Everyone and their brother in Washington DC will be worried about the unemployment rate in this country until their fears are entrenched in the rear-view mirror that history always presents. The reality is that Friday’s unemployment report was better than feared, but that doesn’t make it a bullish event for the stock market. Everything has a price.


Greenspan Groupthink argued on Sunday that “it’s important to remember that equity values, stock prices, are not just paper profits. They actually have a profoundly important impact on economic activity.”


This is precisely the kind of group-think that has made the US economy a boom and bust economy since Greenspan and Bernanke took over at the US Federal Reserve. The US stock market is not the only metric for a country’s long term health!


I know it’s somewhat unnatural for the manic media on CNBC to understand this concept; but better than feared economic news can be bad for stocks. Yes, the US stock market is one very important real-time metric for risk managers to absorb into their research process, but it’s certainly not the only one.


Last year we were bullish on anything priced in what we labeled the Burning Buck. For the start of 2010, we have been calling for a Buck Breakout. Now, everything priced in bucks is under pressure because the buck is smarter than Bernanke. The buck is baking in a change in Bernanke’s currently conflicted monetary policy. He needs to raise rates.

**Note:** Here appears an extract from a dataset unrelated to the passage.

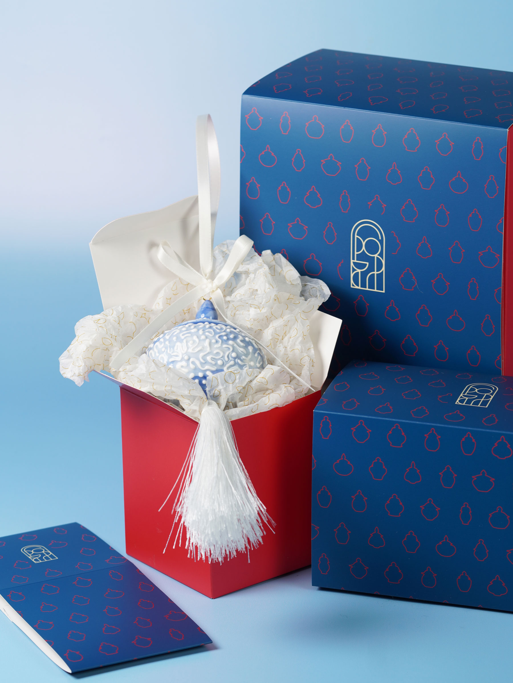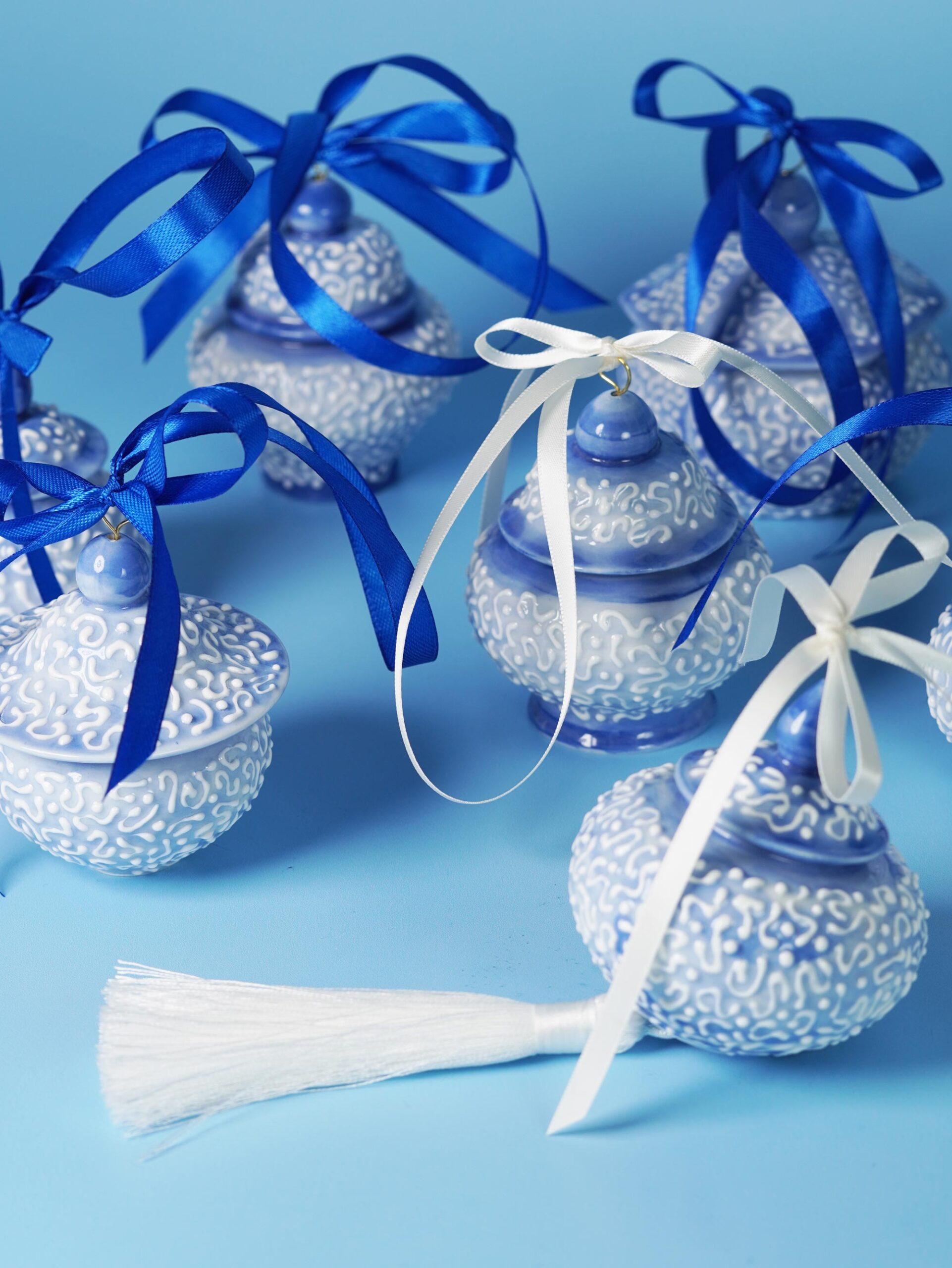 13 original jar shapes, inspired by ancient Chinese porcelain yet reimagined for today. Each ornament is a one-piece form—some with a base, others without. Modern motifs recall timeless designs, with no two ever the same.

Hank Paulson wants everyone to fear the unknown. If I have to hear this guy tell me about “the alternative” to his endowing our great country with his emotionally charged state of 2008 one more time, I guess I am going to just have to keep calling him out on it. The alternative to Paulson and Greenspan Groupthink is exactly what this country needs.


The most obvious unknown today is how the US Federal Reserve signs off on an “emergency level of zero percent” returns for all Americans with a savings account with GDP running up +5.7% year-over-year, CPI (Consumer Inflation) up +2.7% year-over-year, and the unemployment rate rolling over.

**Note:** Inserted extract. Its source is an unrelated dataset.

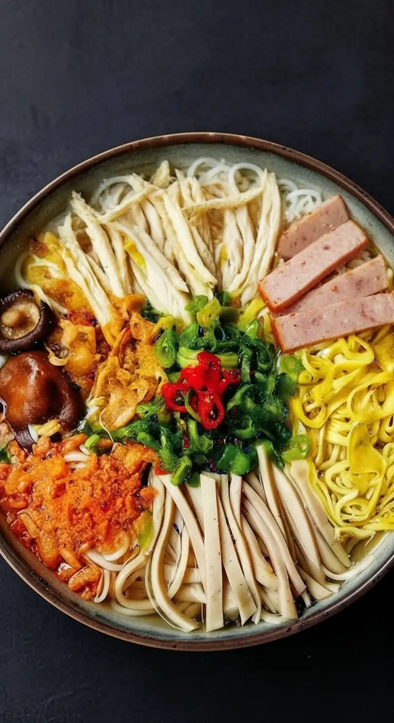 The Meticulous Toppings: The defining characteristic of Bún Thang is its presentation, featuring nearly 20 components, each prepared separately and laid out in colorful, fine ribbons across the bowl like a work of art:

Don’t ask an incompetent forecaster for the answer on where unemployment goes from here. They might actually get Washington to keep acting on their reactive opinion.


I was short the SP500 for most of last week, but covered my short position then went long it with the SP500 close to its intraday lows on Friday. I’ll be keeping a trade a trade on the long side of the US stock market as long as we have this circus act leading us down the next path to who knows where.


My immediate term support and resistance lines for the SP500 are now 1058 and 1085, respectively.


Best of luck out there today,





SPY – SPDR S&P 500 — We bought the S&P 500 for the immediate term TRADE on 2/5/10; the long term TAIL of support continues to be bullish.


FXA – CurrencyShares Australia Dollar — Aussi Dollar bulls finally capitulated on the sell side on 2/4/10. We bought FXA as a long term TAIL idea that remains intact, at a price. Glenn Stevens remains our favorite central banker, globally.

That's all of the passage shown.